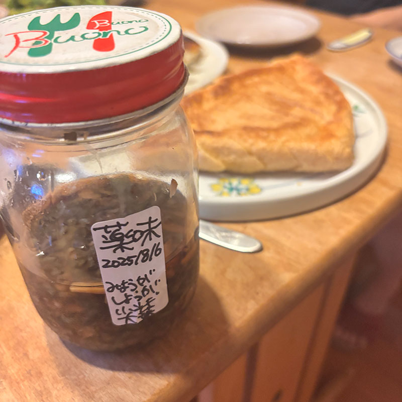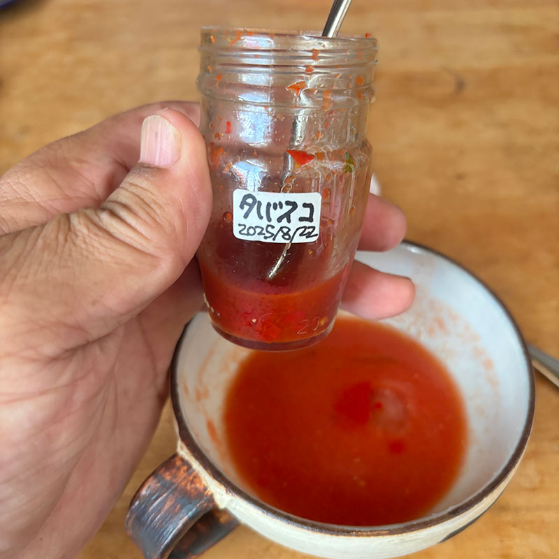 後半、味変で自家製タバスコひと垂らし。これも本当に最高!幸せな朝だ。今日も体温越えで熱中症に気をつけろ!の予報の中、真昼間に作品の搬出に出かけなきゃだ。
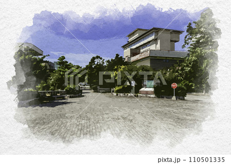水彩画風 加賀片山津温泉 温泉街 石川県加賀市
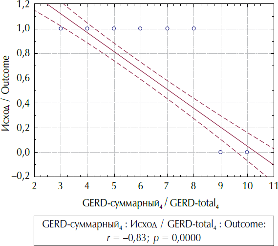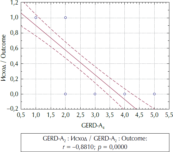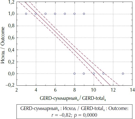 Сильные корреляционные связи отрицательной направленности были выявлены в паре показателей «Исход» и «GERD-А4»: r = –0,79; p = 0,001; 0,95 % CI = [–0,87; –0,67], «Исход» и «GERD-В4»: r = –0,78; p = 0,001; 0,95 % CI = [–0,86; –0,65], но наиболее сильная в паре «Исход» и «GERD-суммарный4»: r = –0,82; p = 0,001; 0,95 % CI = [–0,89; –0,71]. Результаты можно трактовать как увеличение вероятности эффективной терапии при уменьшении количества баллов в блоках А, В, а также суммы баллов через 4 недели терапии (рис. 2).
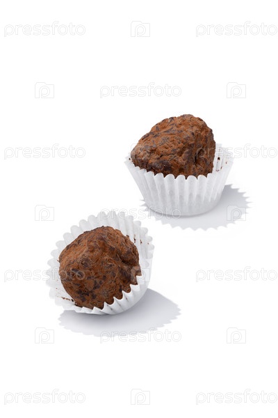 Шоколадная конфета трюфель на белом фоне
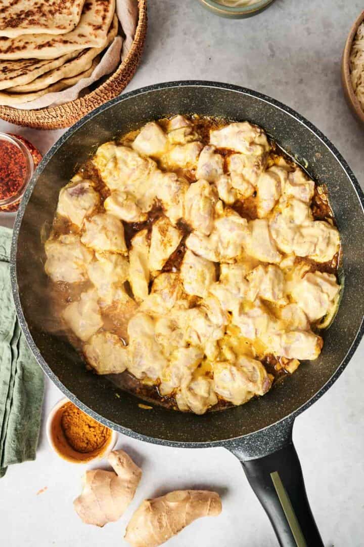 Add the marinated chicken to the skillet, letting any excess marinade drip off. Cook the chicken until it turns white on all sides. The yogurt in the marinade prevents the chicken from browning too much.
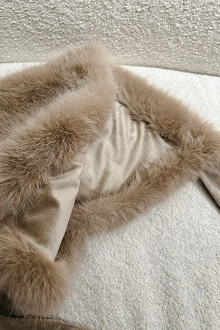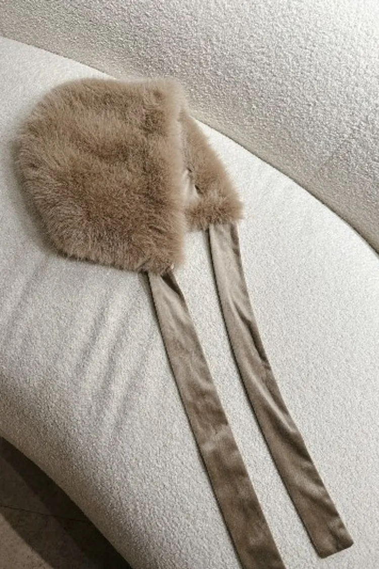 P036駝色毛毛綁帶帽

- - - - -

_WORK REQUEST_
Leaving out every picture, extract verbatim the lines from the one containing "Шоколадная конфета трюфель на белом фоне" through the last line of the listing, inclusive.

_SOLVED PROBLEM_
 Шоколадная конфета трюфель на белом фоне
 Add the marinated chicken to the skillet, letting any excess marinade drip off. Cook the chicken until it turns white on all sides. The yogurt in the marinade prevents the chicken from browning too much.
 P036駝色毛毛綁帶帽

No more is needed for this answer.